A alegria de mostrar para o mundo as belezas da região. Esta é a maior satisfação do professor aposentado Wilson Schuelter, de Tubarão, que viu na fotografia uma forma de divulgar o que se tem de mais bonito na Cidade Azul e arredores.


“Costumo registrar a natureza, com suas paisagens, flores, animais, pássaros, pessoas. Costumo registrar igrejas, especialmente as pequenas, nas comunidades por onde passo, pois representam mais que um lugar de prece, são um local de encontro comunitário. Serras, cascatas também me atraem muito. E temos tudo isso aqui, tão perto de nós”, revela.


A fotografia entrou na vida do professor há aproximadamente cinco anos, quando se aposentou. O que era pra ser só um hobby se tornou uma paixão. E as imagens captadas por Wilson acabaram sendo premiadas em sites especializados no mundo inteiro.


“Divulgo as fotos nas redes sociais, especialmente o Facebook e Instagram (joy_and_visits). Minha participação em grupos de fotografia começou no ano passado. Participo de uma meia dúzia deles, com fotógrafos e jurados de diferentes países. Todos têm uma versão em inglês, o que facilita o entendimento e a interação com comentários e análises”, conta.

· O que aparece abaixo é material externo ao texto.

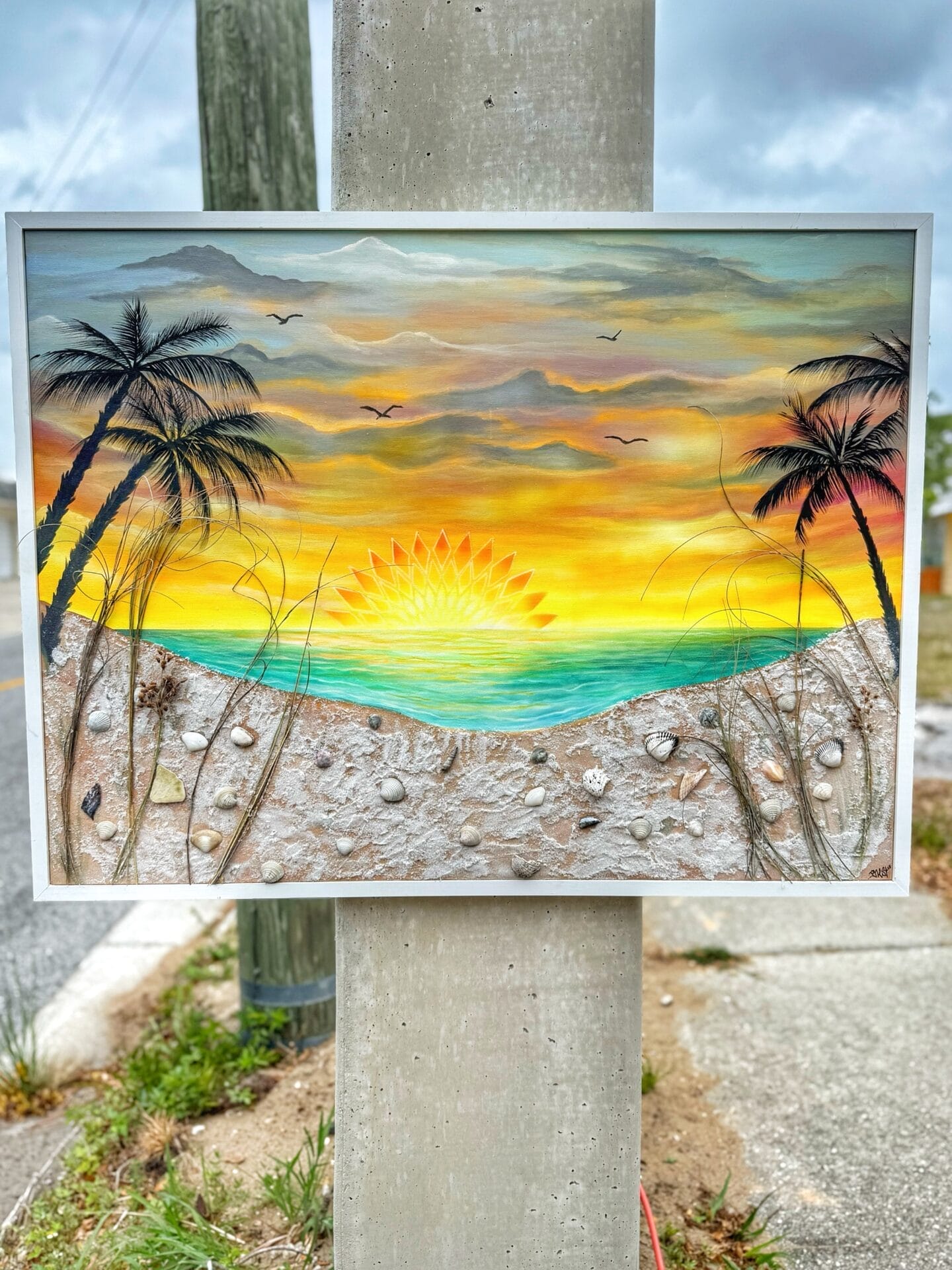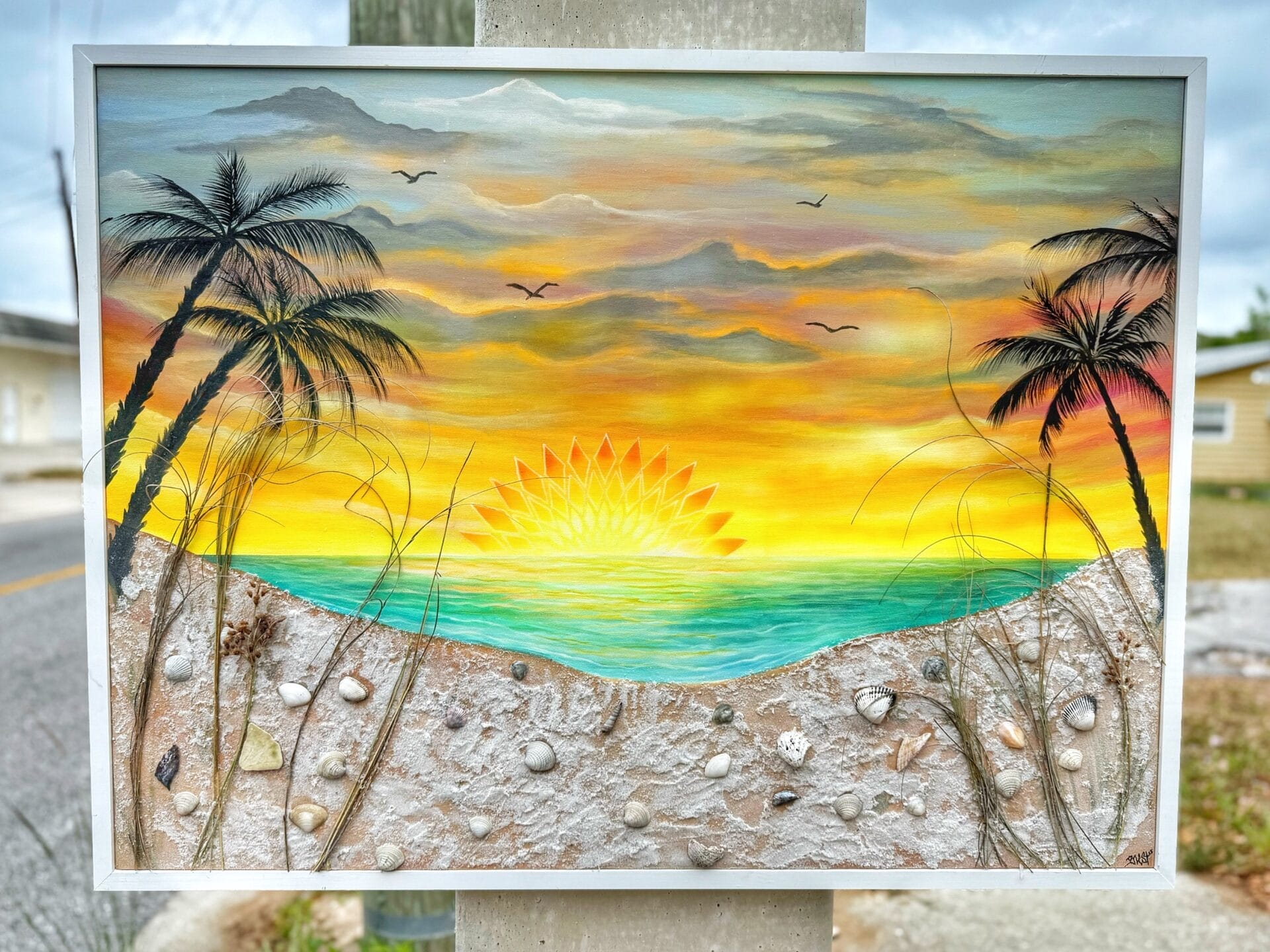 Mixed media painting with real siesta key sand, shells, and dune grass added to it with a custom frame. 30x40 in canvas with a 1 in frame

As fotos são divulgadas em grupos de Portugal, Polônia, Turquia, Índia, Hong Kong e Finlândia, além do Brasil. “A postagem e a avaliação das fotos são feitas diariamente, e me surpreendi com as premiações, porque não é com este objetivo que posto as fotos. Mas é gratificante”, revela. Entre os prêmios mais recentes, um de Portugal, com uma foto da igreja de Treze de Maio.


“Marcos e monumentos despertam minha atenção. Em Tubarão, estou fazendo um inventário fotográfico: catedral, Unisul, hospital, pontes, rio, shopping etc. Gosto bastante de fotografia noturna; a restrição é a segurança para sair à noite. Também colaboro com a Catedral de Tubarão, fazendo registro do acervo e de eventos, a convite dos párocos”, pontua.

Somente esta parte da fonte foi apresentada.